E, lamento, a meu juízo, Carvalho fez tudo isso. Não só o seu governo — mas aí o crime não é dele, ou só dele ao menos — nada fez para combater os black blocs como, ele o confessa, negociou com eles. E ainda foi malsucedido. Segundo seu próprio testemunho, um dos vagabundos jogou um rolo de papel higiênico praticamente na sua cara: “Isso aqui é o ingresso de vocês para a Copa”. Carvalho diz ter reagido “numa boa”. Ora, é este mesmo senhor que se espanta quando um coro vaia e xinga Dilma no estádio? Aí o seu partido decide fazer lista negra de jornalistas supostamente responsáveis pelas ofensas e nos acusa de adversários da Copa? Quando é que Gilberto Carvalho vai se fantasiar de black bloc, como Caetano Veloso fez, metendo um pano preto na cabeça?

Indiretamente, o sr. Gilberto Carvalho infringiu, como ministro de Estado, a Alínea 9 do Artigo 7º da Lei de Responsabilidade. De maneira direta, explícita e deliberada, infringiu as alíneas 4,5 e 7 do Artigo 8º. Ele esteve num cara a cara com os promotores da desordem.

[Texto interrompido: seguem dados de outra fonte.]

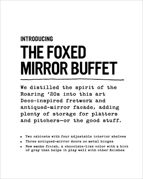 8″x 10″ West Elm store signage to introduce the new Foxed Mirror Buffet for Holiday 2011

Nada fez na hora, além de levar o papel higiênico na cara, nem depois. Ou fez: como sabemos, ele foi a pessoa que mais se opôs a que se votasse uma lei para combater essa canalha.

A lei faculta que qualquer cidadão possa apresentar denúncia ao Congresso. Vejam nos artigos 14 a 18 as formalidades. Atenção, caros! Essa Lei 1.079 é justamente aquela que foi usada para afastar da Presidência da República o sr. Fernando Collor de Mello.

Para encerrar: um dos encontros do sr. Gilberto Carvalho com black blocs se deu em São Paulo. Enquanto os policiais militares, pais de família, eram alvos da bandidagem, sendo atacados, ainda que de modo oblíquo, pelo governo federal, o secretário-geral da Presidência batia um papinho com os delinquentes.

Não há delírio nenhum no que estou escrevendo e conversei antes com advogados que conhecem o riscado: Gilberto Carvalho dá motivos para ser acusado de crime de responsabilidade. Se condenado, sem prejuízo de ação penal, perde o cargo e os direitos políticos por cinco anos. A simples aceitação da acusação já o obrigaria a se afastar. Quem se interessar tem de ser rápido. O Artigo 15 da lei estabelece: “A denúncia só poderá ser recebida enquanto o denunciado não tiver, por qualquer motivo, deixado definitivamente o cargo”. Em princípio, ele fica no cargo até dezembro.